Trisomy 5p with bilateral congenital diaphragmatic hernia: a case report

Background

Bilateral congenital diaphragmatic hernia (CDH) is very rare. A few studies have reported the pathogenic role of 5p in CDH.

Case presentation

A 23-year-old primigravida Japanese woman was referred for the following abnormal findings at 33 weeks of gestation: polyhydramnios, macroglossia, talipes equinovarus, and levocardia. A marker chromosome was detected by amniocentesis. Fluorescence in situ hybridization with whole chromosome paint 5 and nucleolus organizer region probes confirmed its origin from chromosome 5 and an acrocentric chromosome. The karyotype of the fetus was diagnosed as 47, XY, +mar. ish +mar(WCP5+). At 39 + 5 weeks, a 2462 g male infant was delivered, with a specific facial configuration. Bilateral CDH, hypoplasia of the corpus callosum, atrial septal defect, and hypothyroidism were also detected in the baby. The karyotype of the peripheral blood was consistent with that of the amniocentesis.

Conclusion

Genes coded on 5p might be associated with the pathogenesis of CDH; however, further investigation is required.
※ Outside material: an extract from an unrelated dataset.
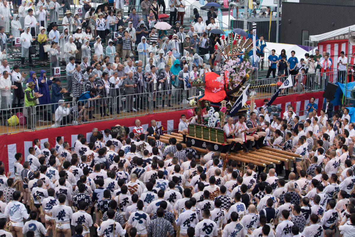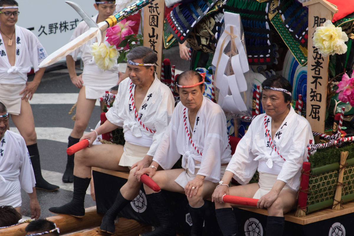 舁き山の標題は熊本の名武将「加藤清正」をテーマにした「肥後(ひごの)強者(つわもの)不屈(くっするを)知(しらず)」
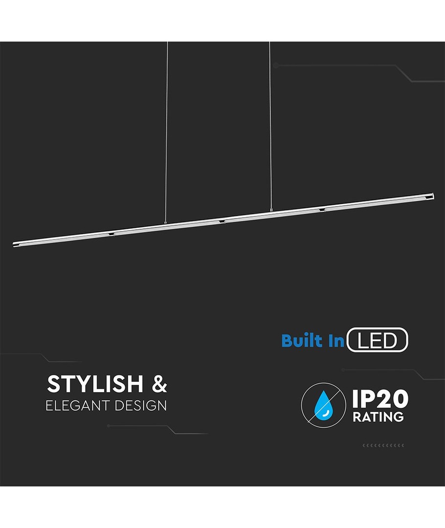 Met afmetingen van 1820 x 55 x 800 mm past deze hanglamp perfect in grote ruimtes en geeft het een sterk visueel statement. Let op dat hij een IP20-classificatie heeft, wat betekent dat hij niet waterdicht is.

Trisomy 5p is a rare chromosomal abnormality with the following clinical features: facial dysmorphism, brain abnormalities, heart defects, hypotonia, talipes equinovarus, respiratory difficulties, developmental delay, and mental retardation [1,2,3]. Trisomy 5p is a chromosome 5p13 duplication syndrome (OMIM #613174).

Congenital diaphragmatic hernia (CDH) is a life-threatening disease with congenital defects of the diaphragm, and an incidence of 2–3 per 10,000 births [4]. Herniation of the intra-abdominal organs into the thorax leads to hypoplasia of the lungs and pulmonary hypertension. Most cases of CDH occur on the left side; bilateral CDH accounts for only 1% of all CDH cases [5]. The pathological causes of CDH remain unknown; however, increasing evidence shows its relationship to genetic or chromosomal abnormalities [6]. However, there are few studies on the association between trisomy 5p and CDH.

Here, we present a case of trisomy 5p diagnosed prenatally using ultrasound findings and amniocentesis, and bilateral CDH diagnosed postnatally.

A 23-year-old primigravida Asian woman was referred at 33 weeks of gestation for several abnormal ultrasound findings, including small gastric bubble, talipes equinovarus, and polyhydramnios. On the first visit, the estimated fetal body weight was 1627 g (−1.5 SD), and the amniotic fluid index was 30.7 cm. The fetus had macroglossia, talipes equinovarus, and levocardia without cardiac structural abnormalities. The parents had no physical features and reported no past or family history. The mothers of the parents also had no history of miscarriages.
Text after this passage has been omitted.